Udo Itoro, Gash Amanda
Liaison Psychiatry, Roseberry Park Hospital, Tees, Esk, Wear Valleys NHS Foundation Middlesbrough Trust, UK.
BMJ Case Rep. 2012 Oct 9;2012:bcr2012006800. doi: 10.1136/bcr-2012-006800.
This is a complex case of post-traumatic stress disorder (PTSD) with comorbid panic disorder occurring in a woman in her mid-60s, with a family history of neurotic illness. PTSD arose in the context of treatment for terminal lung cancer. This patient who had been close to her father watched him die of cancer, when he was about her age. Her diagnosis and treatment prompted traumatic recollections of her father's illness and death that resulted in her voluntary withdrawal from cancer treatment. The goals of treatment were to promptly reduce anxiety, minimise use of sedating pharmacotherapy, promote lucidity and prolong anxiety-free state thereby allowing time for important family interactions. Prompt, sustained relief of severe anxiety was necessary to achieve comfort at the end of life. Skilled additions of psychological therapies (eye movement desensitisation reprocessing, clinical hypnosis and breathing exercises) with combined pharmacotherapy (mirtazepine and quetiapine) led to control of anxiety and reduction of post-traumatic stress.
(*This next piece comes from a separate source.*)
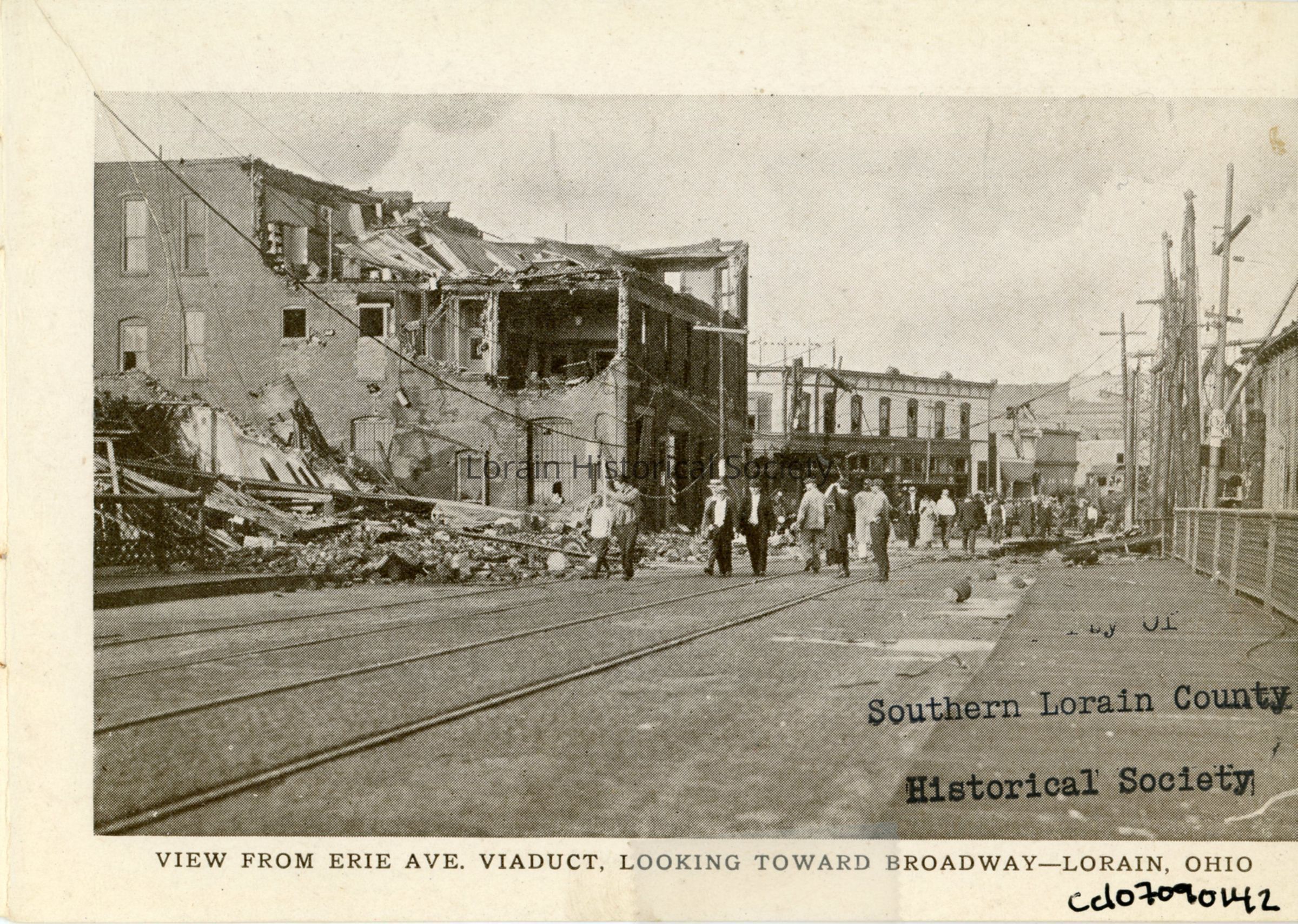 Souvenir Booklet Page is black and white view of Erie Avenue Viaduct looking west toward Broadway showing damage, destruction and debris from 1924 Tornado.

这是一例复杂的创伤后应激障碍(PTSD)合并惊恐障碍的病例,患者为一名60多岁的女性,有神经官能症家族病史。PTSD发生在晚期肺癌的治疗过程中。这位与父亲关系亲密的患者,在她父亲大约她这个年纪时,目睹了他死于癌症。她的诊断和治疗引发了对父亲疾病和死亡的创伤性回忆,导致她自愿停止癌症治疗。治疗目标是迅速减轻焦虑,尽量减少使用镇静药物治疗,促进清醒并延长无焦虑状态,从而为重要的家庭互动留出时间。迅速、持续缓解严重焦虑对于在生命末期实现舒适感至关重要。熟练地增加心理治疗(眼动脱敏再处理、临床催眠和呼吸练习)并结合药物治疗(米氮平和喹硫平),从而控制了焦虑并减轻了创伤后应激。